Error out on overlong UTF-8 sequences

This not only makes `str_utf8_decode` a compliant parser, but also fixes an
issue where overlong encodings led to undetected line breaks.

Implemented as per https://encoding.spec.whatwg.org/#utf-8-decoder.

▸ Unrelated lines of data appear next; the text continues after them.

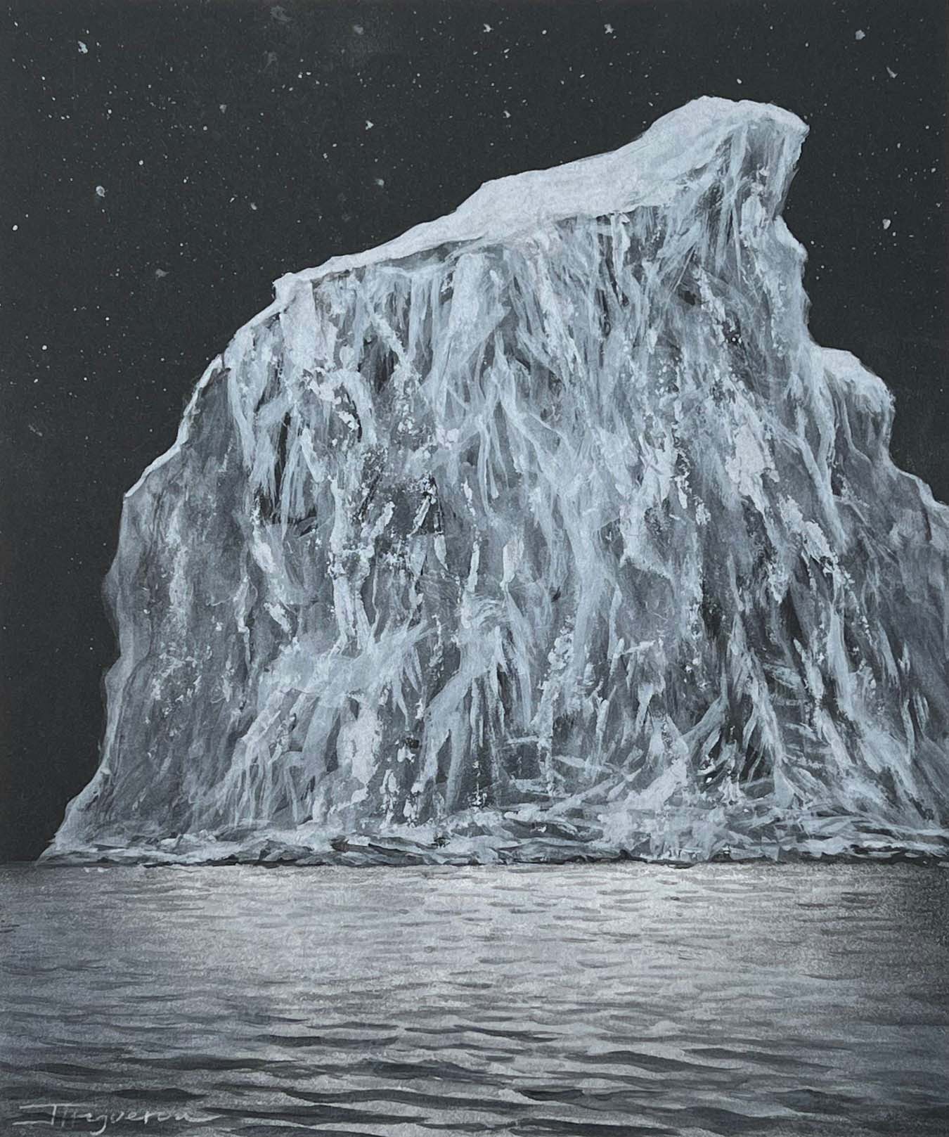 Frozen Titan. Silver Paint on Black Paper. 12 x 10 inches.
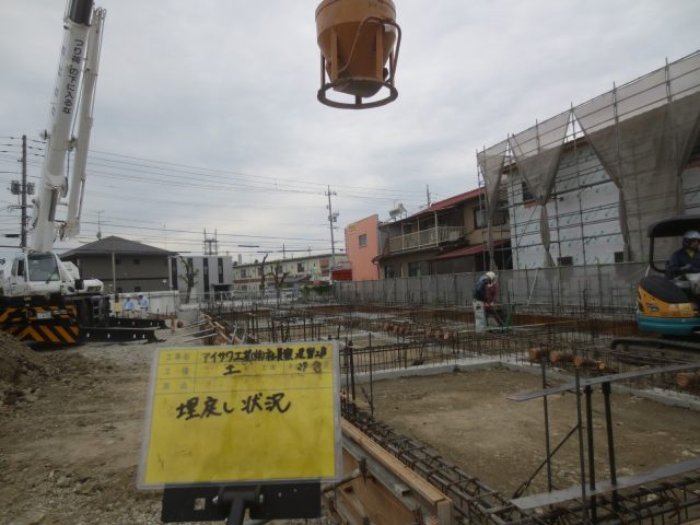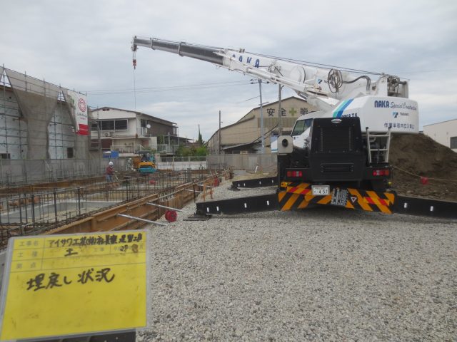 この建物は特殊で、アンカーボルトなど基礎から飛び出しているものが多い為、ダンプやショベルカーが基礎内に入れない為、クレーンによる埋戻しを行いました、思ったよりスムーズに埋戻しが行え土工さんに感謝です。
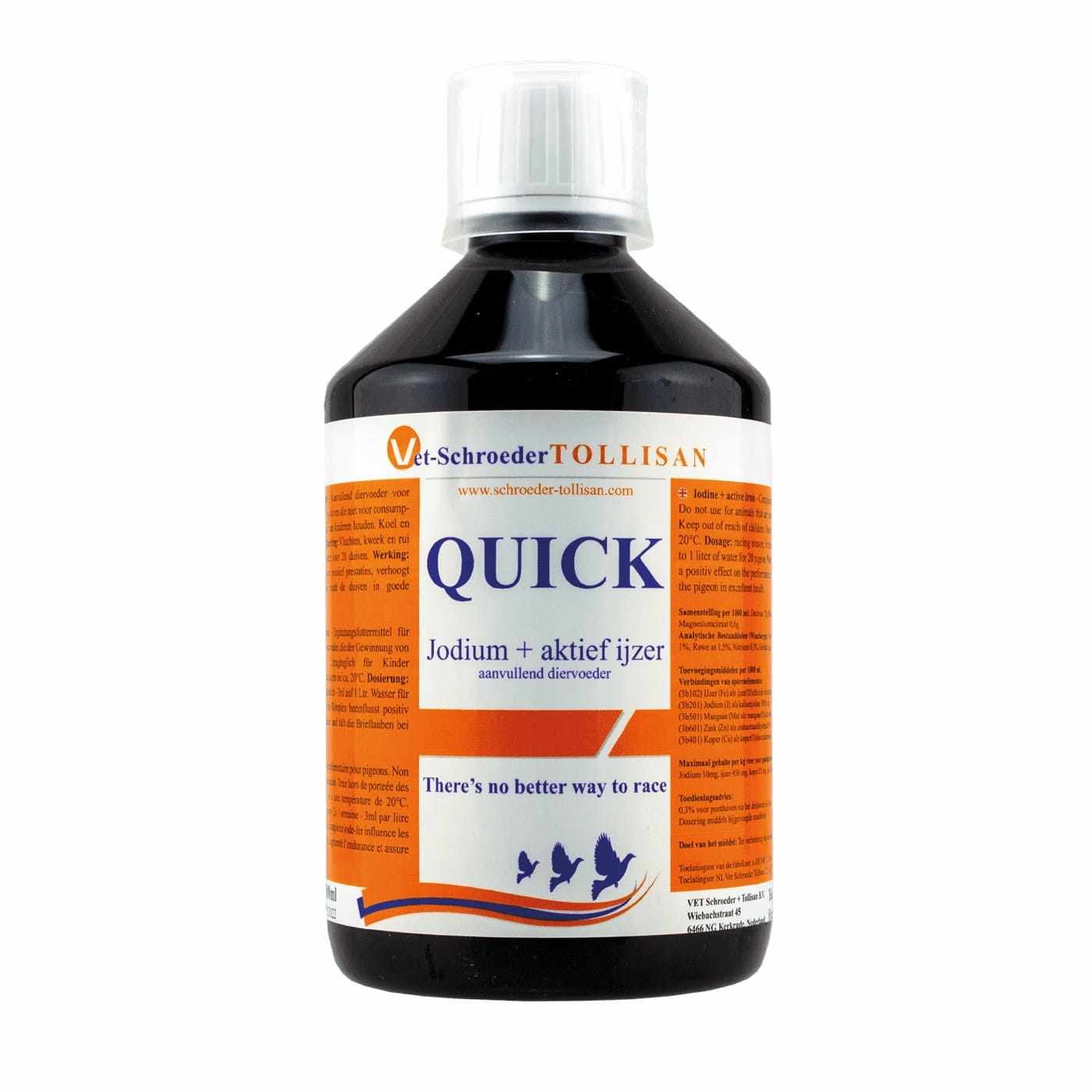 Dodając Quick (jod i żelazo), zwiększymy wydajność gołębi. Wzbudzenie funkcji tarczycy, zwiększa wytrzymałość i prowadzi, w połączeniu z żelazem, do większej szybkości. W połączeniu z Dosto-Oregano Flüssig 12% możliwe są zdumiewające efekty, przede wszystkim u młodych gołębi.
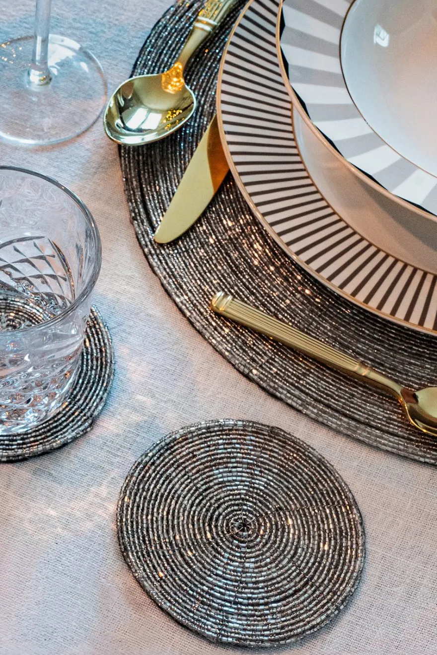 Este posavasos destaca por su exquisito bordado a mano con cuentas de bolitas con diseño plateado, que le da un toque de lujo y sofisticación a cualquier mesa. Las bolitas están cuidadosamente cosidas en patrones delicados, creando texturas y relieves que combinan elegancia con un diseño artístico único. Perfecto para cenas especiales o para elevar la decoración diaria de tu mesa.
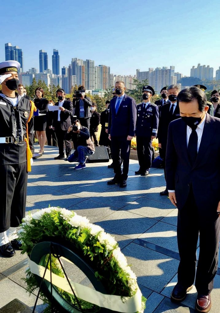 The Deputy Minister of National Defence was warmly welcomed by the organizers, the delegates of the Government of the Republic of Korea, and the delegates of the other Sending States. The Prime Minister of the Republic of Korea, Chung Sye-kyun, at a private meeting the two men had, thanked him expressing his pleasure on account of the presence of Greece, and the Greek Government, at the celebrations, as well as at the ceremony that took place at the UN Memorial Cemetery in Busan.
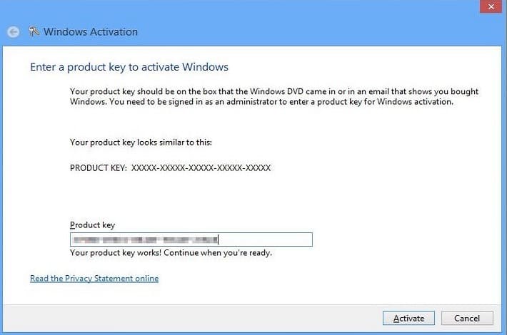 Next, the Windows activation window will appear. Enter your product key in the input field.
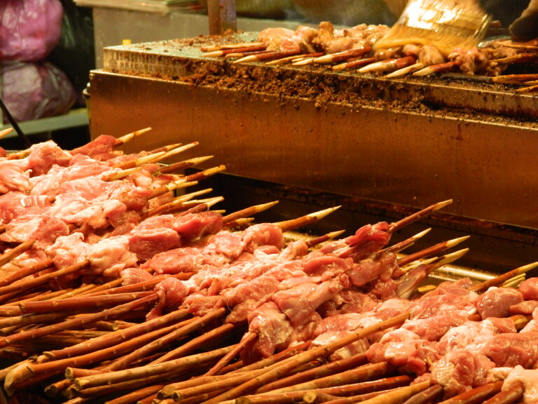 西安:羊肉串走起走起,羊肉泡馍我要自己手捏好吗,辣的时候加上老酸奶,西安有很多种美食做法吃法都与羊肉泡极为相似,比如水盆羊肉(推荐回民街老金家)、葫芦头(回民慎入)和粉汤羊血(当地话“粪汤羊泄”)等等。回民街能一路刷到底
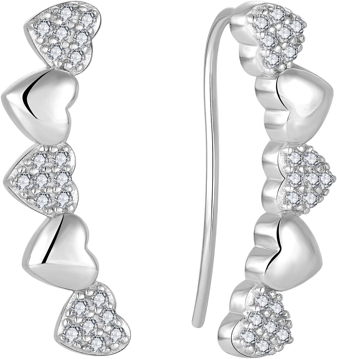 Heart Climber Earrings for Women 925 Sterling Silver White/Yellow/Rose Gold Plated Cubic Zirconia Ear Crawler Earrings Jewelry
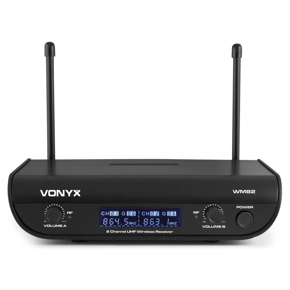 Vonyx WM82 to zestaw mikrofonów bezprzewodowych z dwoma ręcznymi mikrofonami UHF. Dzięki zastosowaniu stałej częstotliwości mikrofony nie muszą być programowane w odbiorniku, dzięki czemu zestaw jest szybki i przede wszystkim bardzo łatwy w użyciu. Podłącz odbiornik do nagłośnienia, włóż baterie do mikrofonów i zestaw jest gotowy do użycia. Wyświetlacz na mikrofonach jest wyposażony we wskaźnik baterii, dzięki czemu niespodziewane wyczerpanie baterii to już przeszłość. Dzięki częstotliwościom UHF WM82 gwarantuje niezawodną i dobrą transmisję sygnału. WM82 może być używany do mowy i do (półprofesjonalnego) śpiewu.

Audited the following files, checking whether the new semantics work with the
existing code:
- src/base/system.c
- src/engine/client/text.cpp
- src/game/client/components/chat.cpp
- src/game/server/gamecontext.cpp

They all check whether the string is at its end separately.
This commit is contained in:
heinrich5991 2015-06-30 21:09:43 +02:00
parent ce465b584c
commit 8ccfd0188d
2 changed files with 69 additions and 43 deletions

View file

@ -2274,54 +2274,79 @@ int str_utf8_encode(char *ptr, int chr)
return 0;
}
static unsigned char str_byte_next(const char **ptr)
{
unsigned char byte = **ptr;
(*ptr)++;
return byte;
}
static void str_byte_rewind(const char **ptr)
{
(*ptr)--;
}
int str_utf8_decode(const char **ptr)
{
const char *buf = *ptr;
int ch = 0;
do
// As per https://encoding.spec.whatwg.org/#utf-8-decoder.
unsigned char utf8_lower_boundary = 0x80;
unsigned char utf8_upper_boundary = 0xBF;
int utf8_code_point = 0;
int utf8_bytes_seen = 0;
int utf8_bytes_needed = 0;
while(1)
{
if((*buf&0x80) == 0x0) /* 0xxxxxxx */
unsigned char byte = str_byte_next(ptr);
if(utf8_bytes_needed == 0)
{
ch = *buf;
buf++;
if(0x00 <= byte && byte <= 0x7F)
{
return byte;
}
else if(0x80 <= byte && byte <= 0xDF)
{
utf8_bytes_needed = 1;
utf8_code_point = byte - 0xC0;
}
else if(0xE0 <= byte && byte <= 0xEF)
{
if(byte == 0xE0) utf8_lower_boundary = 0xA0;
if(byte == 0xED) utf8_upper_boundary = 0x9F;
utf8_bytes_needed = 2;
utf8_code_point = byte - 0xE0;
}
else if(0xF0 <= byte && byte <= 0xF4)
{
if(byte == 0xF0) utf8_lower_boundary = 0x90;
if(byte == 0xF4) utf8_upper_boundary = 0x8F;
utf8_bytes_needed = 3;
utf8_code_point = byte - 0xF0;
}
else
{
return -1; // Error.
}
utf8_code_point = utf8_code_point << (6 * utf8_bytes_needed);
continue;
}
else if((*buf&0xE0) == 0xC0) /* 110xxxxx */
if(!(utf8_lower_boundary <= byte && byte <= utf8_upper_boundary))
{
ch = (*buf++ & 0x3F) << 6; if(!(*buf)) break;
ch += (*buf++ & 0x3F);
if(ch == 0) ch = -1;
// Resetting variables not necessary, will be done when
// the function is called again.
str_byte_rewind(ptr);
return -1;
}
else if((*buf & 0xF0) == 0xE0) /* 1110xxxx */
utf8_lower_boundary = 0x80;
utf8_upper_boundary = 0xBF;
utf8_bytes_seen += 1;
utf8_code_point = utf8_code_point + ((byte - 0x80) << (6 * (utf8_bytes_needed - utf8_bytes_seen)));
if(utf8_bytes_seen != utf8_bytes_needed)
{
ch = (*buf++ & 0x1F) << 12; if(!(*buf)) break;
ch += (*buf++ & 0x3F) << 6; if(!(*buf)) break;
ch += (*buf++ & 0x3F);
if(ch == 0) ch = -1;
continue;
}
else if((*buf & 0xF8) == 0xF0) /* 11110xxx */
{
ch = (*buf++ & 0x0F) << 18; if(!(*buf)) break;
ch += (*buf++ & 0x3F) << 12; if(!(*buf)) break;
ch += (*buf++ & 0x3F) << 6; if(!(*buf)) break;
ch += (*buf++ & 0x3F);
if(ch == 0) ch = -1;
}
else
{
/* invalid */
buf++;
break;
}
*ptr = buf;
return ch;
} while(0);
/* out of bounds */
*ptr = buf;
return -1;
// Resetting variables not necessary, see above.
return utf8_code_point;
}
}
int str_utf8_check(const char *str)

View file

@ -1281,16 +1281,17 @@ int str_utf8_forward(const char *str, int cursor);
/*
Function: str_utf8_decode
Decodes an utf8 character
Decodes a utf8 codepoint
Parameters:
ptr - pointer to an utf8 string. this pointer will be moved forward
ptr - Pointer to a utf8 string. This pointer will be moved forward.
Returns:
Unicode value for the character. -1 for invalid characters and 0 for end of string.
The Unicode codepoint. -1 for invalid input and 0 for end of string.
Remarks:
- This function will also move the pointer forward.
- You may call this function again after an error occured.
*/
int str_utf8_decode(const char **ptr);
@ -1299,7 +1300,7 @@ int str_utf8_decode(const char **ptr);
Encode an utf8 character
Parameters:
ptr - Pointer to a buffer that should recive the data. Should be able to hold at least 4 bytes.
ptr - Pointer to a buffer that should receive the data. Should be able to hold at least 4 bytes.
Returns:
Number of bytes put into the buffer.